Къ концу вторыхъ сутокъ Цвѣтъ сошелъ на станціи Горынище и нанялъ за три рубля сивоусаго дюжаго хохла до Червонаго. Когда Цвѣтъ по дорогѣ объяснилъ, что ему надо не въ деревню, а въ усадьбу, возница обернулся и нѣкоторое время разсматривалъ его съ пристальнымъ и безцеремоннымъ любопытствомъ.

— Такъ-таки до самого, до паньского фольварку?—спросилъ онъ, наконецъ, недовѣрчиво.—До того Цвита, що вмеръ?

— Да, въ имѣніе, въ господскій домъ,—подтвердилъ Иванъ Степановичъ.

— Эге жъ.—Старикъ чмокнулъ на лошадей губами.—А вы сами изъ какихъ будете?

Цвѣтъ разсказалъ вкратцѣ о себѣ. Упомянулъ и о наслѣдствѣ и о родствѣ. Старикъ медленно покачалъ головой.

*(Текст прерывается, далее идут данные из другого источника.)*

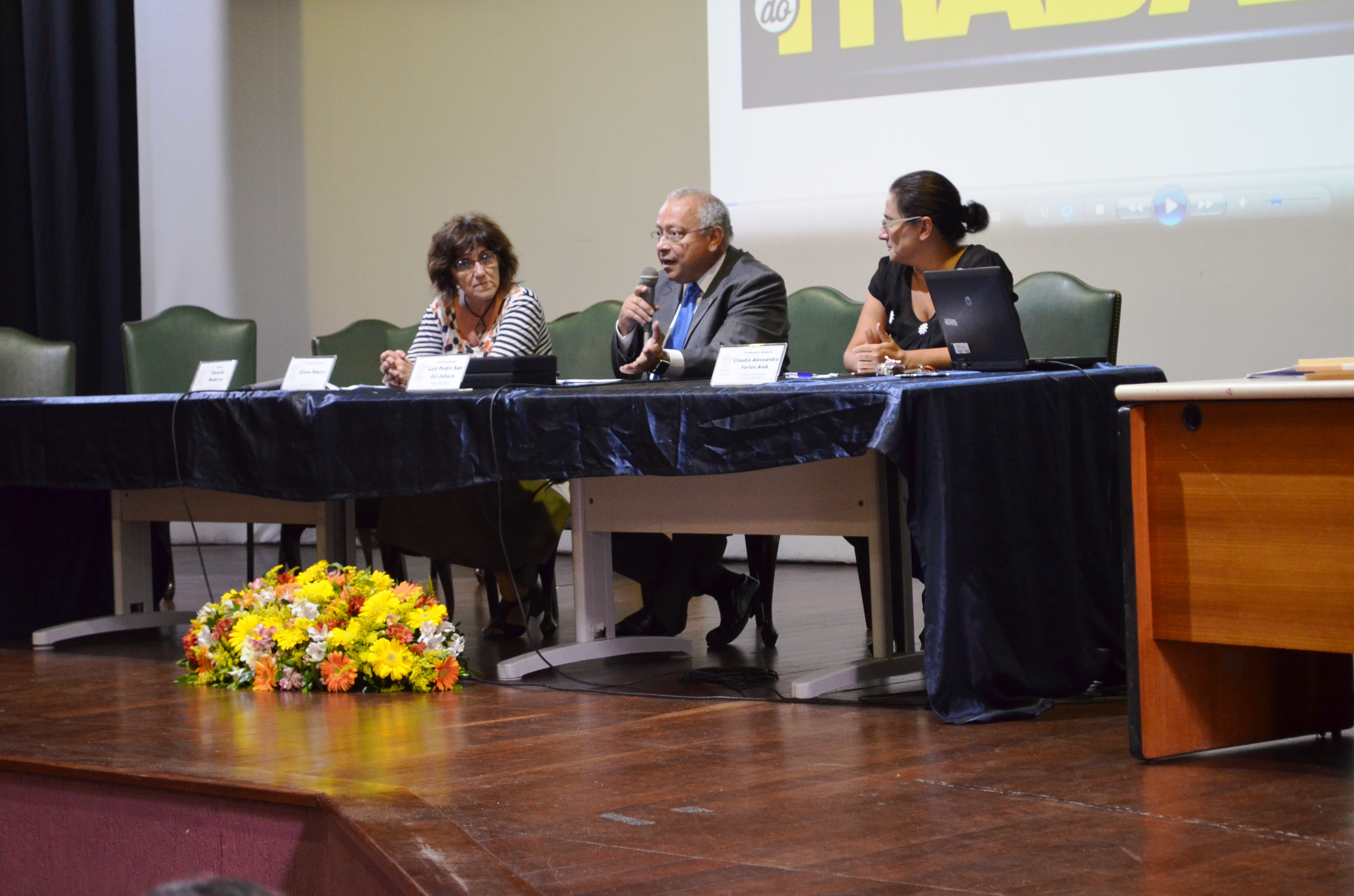 Mesa da cerimônia de entrega de certificados (Foto: Comso)

— Эхъ, не доброе діло… Не фалю.

— Почему не хвалите, дядя?

— А такъ… Не хо̀чу…

И замолчалъ. Такъ они въ безмолвіи проѣхали около двѣнадцати верстъ до села Червонаго, раскинувшагося своими бѣлыми мазанками и кудрявой зеленью садовъ на высокомъ холмѣ надъ свѣтлой рѣчонкой, свернули черезъ плотину и подъѣхали къ усадьбѣ, къ чугуннымъ сквознымъ воротамъ, распахнутымъ настежь и криво висѣвшимъ на красныхъ кирпичныхъ столбахъ. Отъ нихъ вела внутрь заросшая дорога, посрединѣ густой аллеи изъ древнихъ могучихъ тополей. Вдали сѣрѣла постройка, бѣлѣли колонны, и [22]алымъ отблескомъ дробилась въ стеклахъ вечерняя заря. У воротъ старикъ остановилъ лошадей и сказалъ рѣшительно:

— Вылазьте, ну, панычу. Бильшь не поіду.

— Какъ же это такъ не поѣдете?—удивился Цвѣтъ.—Осталось, вѣдь, немного. Вонъ, и домъ виденъ.

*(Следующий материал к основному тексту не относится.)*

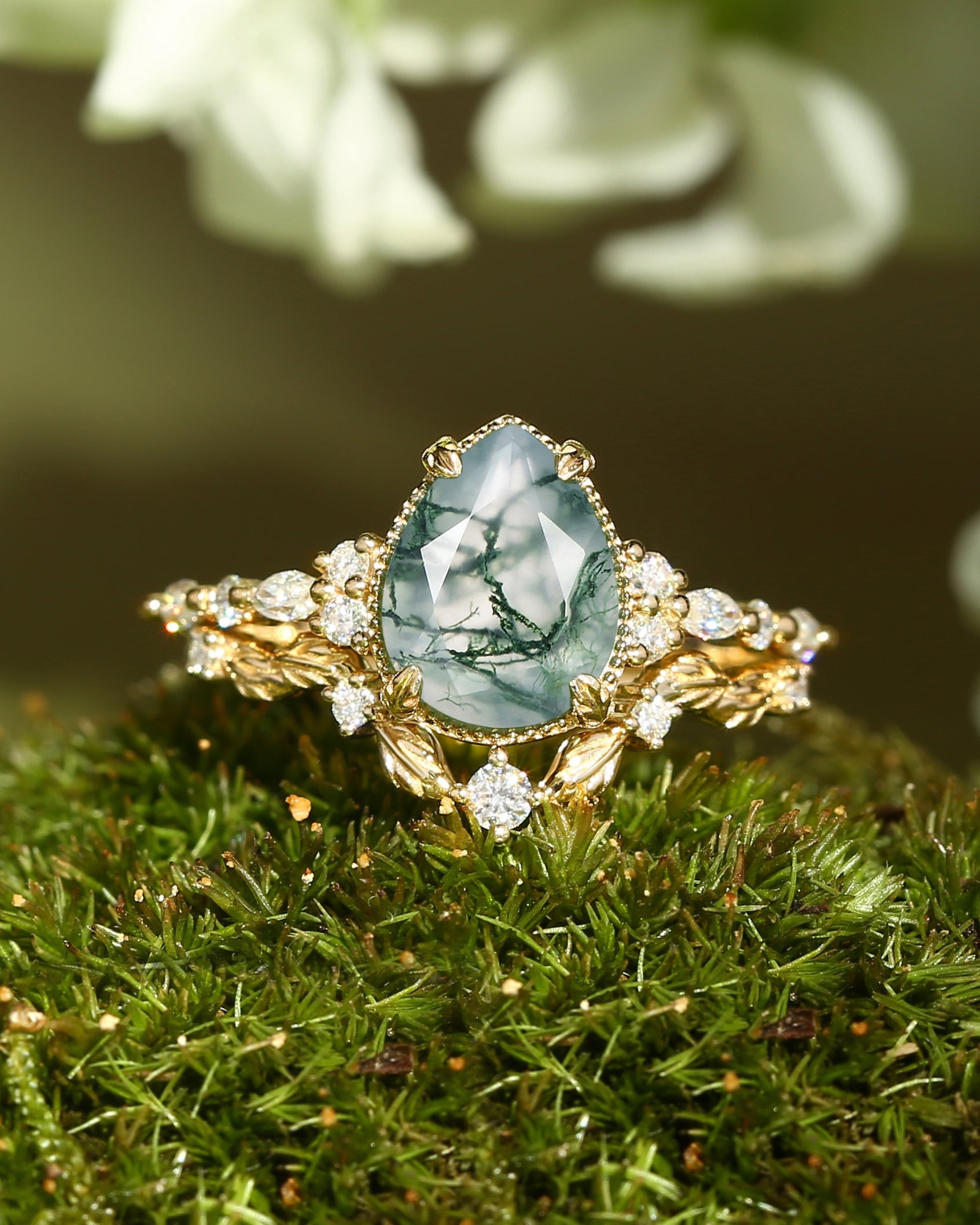 Long Hexagon Moss Agate Stacking Ring Set 2pcs

— Ни. Не поіду. А ни за пьять корбованцивъ. Не хо̀чу.

Цвѣтъ вспомнилъ слова Тоффеля о дурной славѣ, ходившей среди крестьянъ про старую усадьбу, и сказалъ съ принужденной усмѣшкой:

— Боитесь вѣрно?

— Ни. Ни трошки не боюсь, а тилько такъ. Платите мини мои гроши, тай годи.

Попросивъ возчика подождать немного, Цвѣтъ одинъ пошелъ по темной прохладной аллеѣ къ дому. Тоффель говорилъ правду. Постройка оказалась очень древней и почти развалившейся. Покривившіяся колонны, нѣкогда обмазанныя бѣлой известкой, облупились и обнажили гнилое, трухлявое дерево. Кой-гдѣ были въ окнахъ выбиты стекла. Трава росла мѣстами на замшѣлой позеленѣвшей крышѣ. Флюгеръ на башенкѣ печально склонился набокъ. Въ саду подъ коряво разросшимися деревьями стояла сырая и холодная темнота. Крапива, лопухи и гигантскіе репейники буйно торчали на мѣстахъ, гдѣ когда-то были клумбы. Все носило слѣды одичанія и запустѣнія.

Цвѣтъ обошелъ вокругъ дома. Всѣ наружныя двери—парадная, балконная, кухонная и задняя, ведшая на веранду изъ разноцвѣтныхъ стеколъ, были заперты на ключъ. Съ недоумѣніемъ, скукой и растерянностью вернулся Цвѣтъ къ экипажу.

— А гдѣ бы мнѣ здѣсь, дяденька, ключи достать?—спросилъ онъ.—Всюду заперто.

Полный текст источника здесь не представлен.